By January 14, 2025Mental Health
a-woman-staring-at-the-beach

At Villa Kali Ma, we talk a lot about healing women’s trauma. Healing women’s trauma is central to our mission of helping women recover lives of joy and meaning.

Unhealed trauma is a root cause of severe addiction and mental illness. We know from our own stories, and from the lives of women we have helped to recover, how important it is to recognize and have respect for the powerful role of trauma in human life.

These days, many people have heard about Post-Traumatic Stress Disorder (PTSD), but did you know there is also a diagnosis called Post-Traumatic Stress Syndrome (PTSS)? In this article, we will talk about the differences between these two kinds of trauma.

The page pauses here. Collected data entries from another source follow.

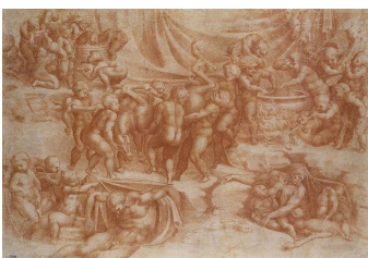
Giulio Clovio , A Bacchanal of Children
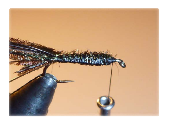
[Step 6] Tie in 4 or 5 Peacock swords / herl, (I used left overs from tail), at the front of under body and wrap tightly back to tail. Return the thread to front of under body.
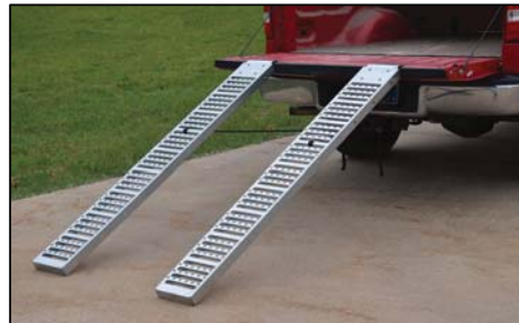
Steel Pick-Up/Van Ramps
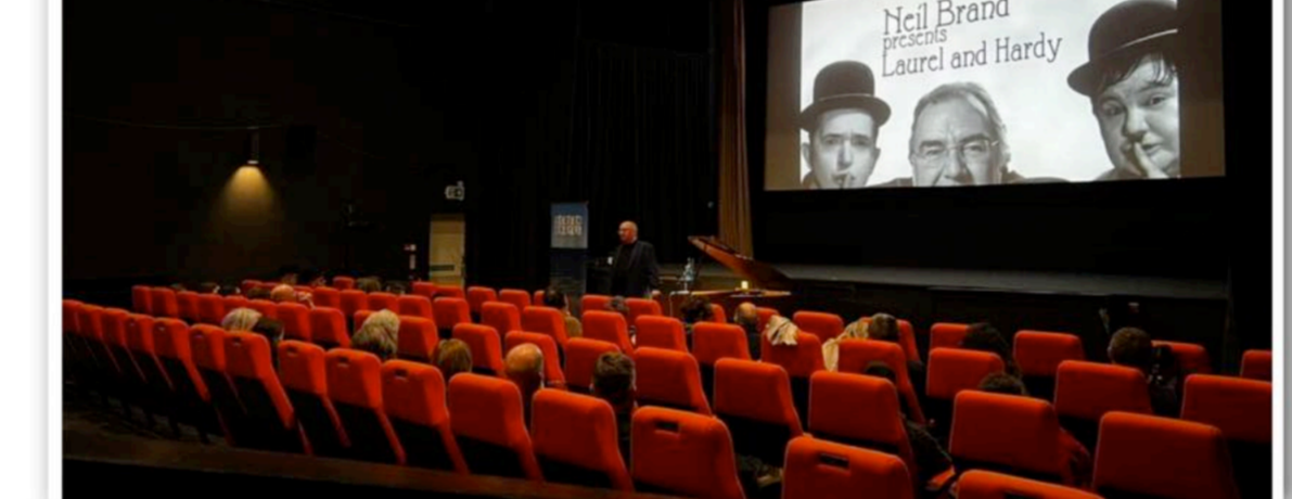
Oban Phoenix Cinema

Adding a festive touch to their outings, the residents will be participating in the upcoming Oban Winter Festival, reveling in the seasonal cheer and community spirit that the event brings. From dazzling lights to the aroma of festive treats, it will be an experience that resonates with the joy of the holiday season.
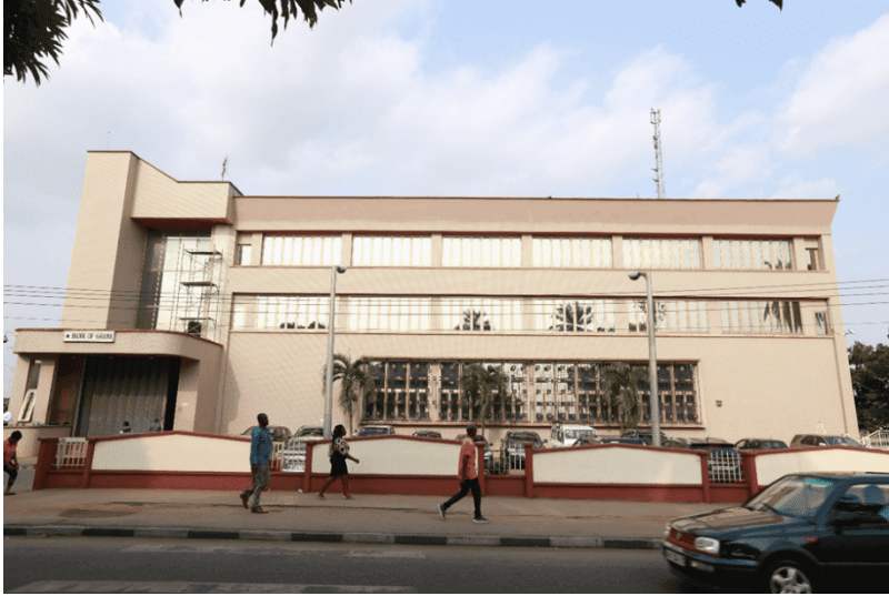
Figure 10: Frontal view of BoG Office, Kumasi showing ornamental façade on the windows
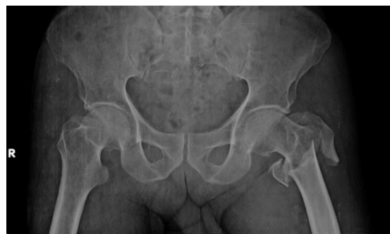
Fig. 1: Pre-operative

the severity of trauma. The patients were then assessed clinically and haematological investigations along with radiographs of the affected hip joint including opposite hip and pelvis were taken in antero-posterior and lateral views (Fig. 1). Well written prior informed consent was taken pre-operatively from all the patients. Prior ethical committee approval was obtained before commencing the study.
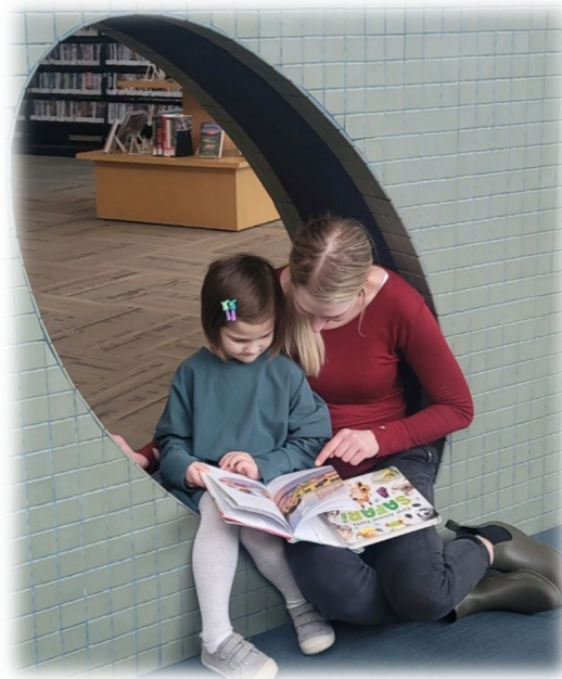
MOM & DAUGHTER CONNECTING (12/23/2022)
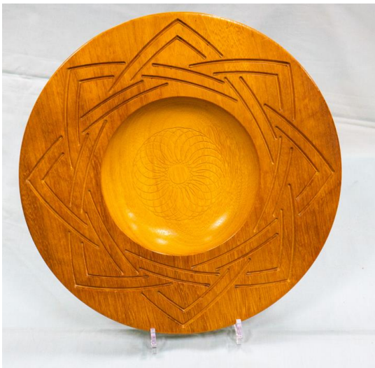
3 rd = Phil Scoltock
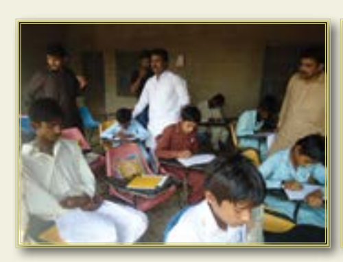
SEF staff on a school support visit to a RBCS School
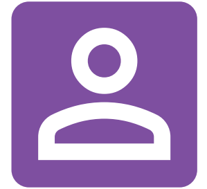
Human Services & Resources
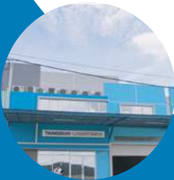
OFFICE AND WAREHOUSE IN NORTH JAKARTA
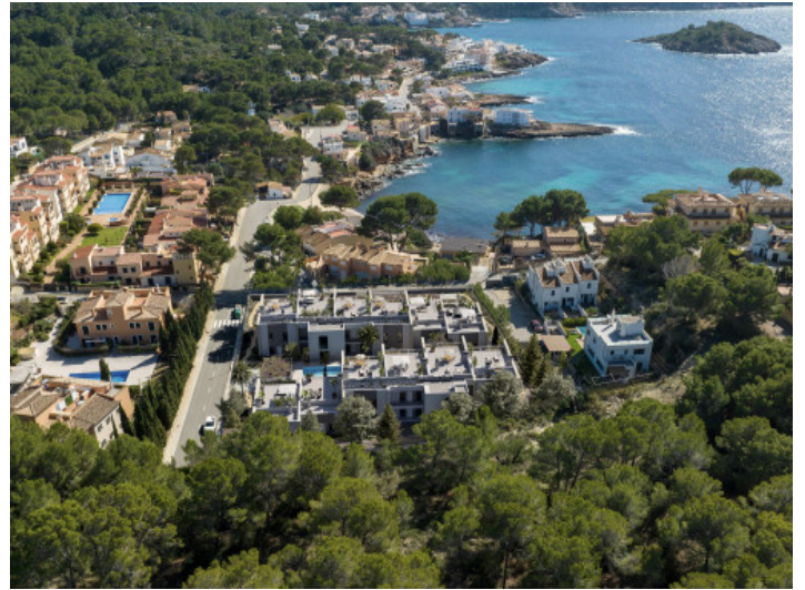
Community near the sea
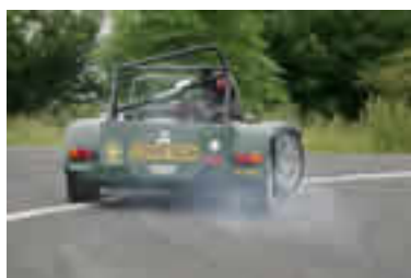
Paul Pushing a bit too hard
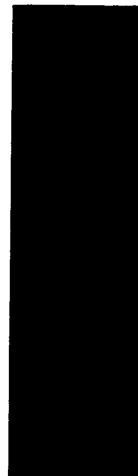
# 403 REDWOOD

AVAILABLE IN FIVE BEAUTIFUL COLORS & CLEAR
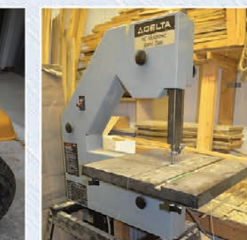
Wednesday, November 11 • 3pm. Woodworking Equipment, Wood, Tools, Lawn & Garden

What Is Post-Traumatic Stress Syndrome (PTSS)?

Post-Traumatic Stress Syndrome (PTSS) refers to a normal, healthy, and short-term stress response. PTSS is characterized by the following symptoms:

  • quickened heartbeat
  • trembling
  • sweating
  • muscle tension
  • agitation
  • sense of danger
  • a mental replay of events

PTSS is a form of acute, uncomfortable stress that can feel like impending doom. PTSS is triggered automatically, set off unconsciously by parts of the brain responsible for our physical survival.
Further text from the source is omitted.